++++ Data below

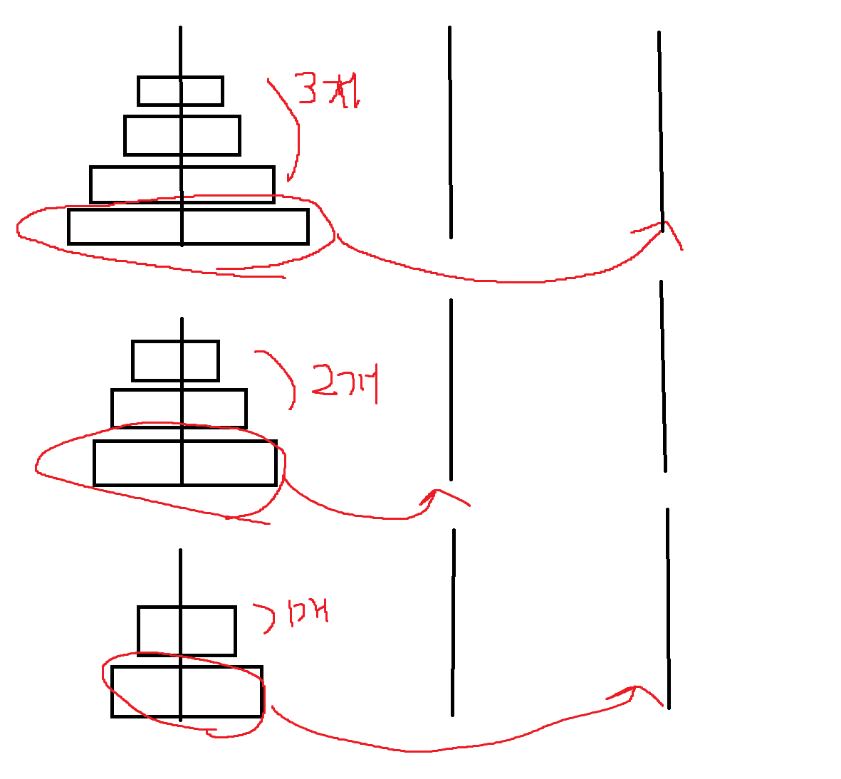 그러기 위해서는 위의 3, 2, 1 총 3개의 원반을 옮겨야 한다.
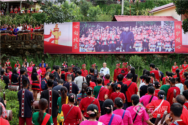 这是载入阿佤山历史的时刻,佤族群众身着节日盛装,载歌载舞,阿佤山成为一片欢乐的海洋。阮成发郑重宣读了习近平总书记的回信。宣读完毕,现场群众齐声欢呼,老支书代表岩翁和班洪村党支部书记赛茸激动地表达了心声,佤族青年击响木鼓,男女老幼唱起《阿佤人民唱新歌》,抒发佤族群众心向党、心向国家的真挚感情,感谢总书记、感恩党中央的共同心声。
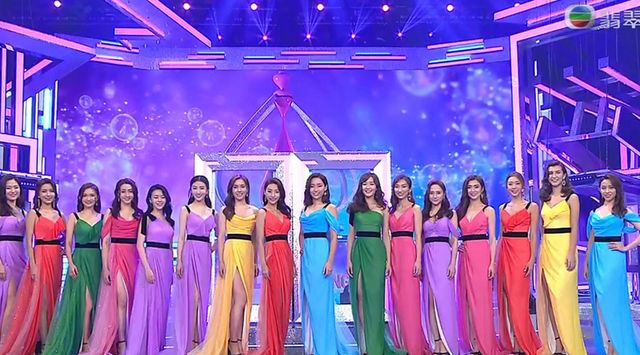 当大家都在吐槽的时候,至少我们知道港姐选拔赛主办方是认真的,他们就是给港姐准备了饱和度这么高五颜六色的礼服,乍一看台上仿佛出现了彩虹,港姐什么样已经不重要了,入目的都是极具冲击力的颜色,整个舞台都变得花里胡哨的。

++++++++

▸ **Problem requirements**: Write out the whole of the data exactly; the pictures stay out.

▸ **Response area**:
 그러기 위해서는 위의 3, 2, 1 총 3개의 원반을 옮겨야 한다.
 这是载入阿佤山历史的时刻,佤族群众身着节日盛装,载歌载舞,阿佤山成为一片欢乐的海洋。阮成发郑重宣读了习近平总书记的回信。宣读完毕,现场群众齐声欢呼,老支书代表岩翁和班洪村党支部书记赛茸激动地表达了心声,佤族青年击响木鼓,男女老幼唱起《阿佤人民唱新歌》,抒发佤族群众心向党、心向国家的真挚感情,感谢总书记、感恩党中央的共同心声。
 当大家都在吐槽的时候,至少我们知道港姐选拔赛主办方是认真的,他们就是给港姐准备了饱和度这么高五颜六色的礼服,乍一看台上仿佛出现了彩虹,港姐什么样已经不重要了,入目的都是极具冲击力的颜色,整个舞台都变得花里胡哨的。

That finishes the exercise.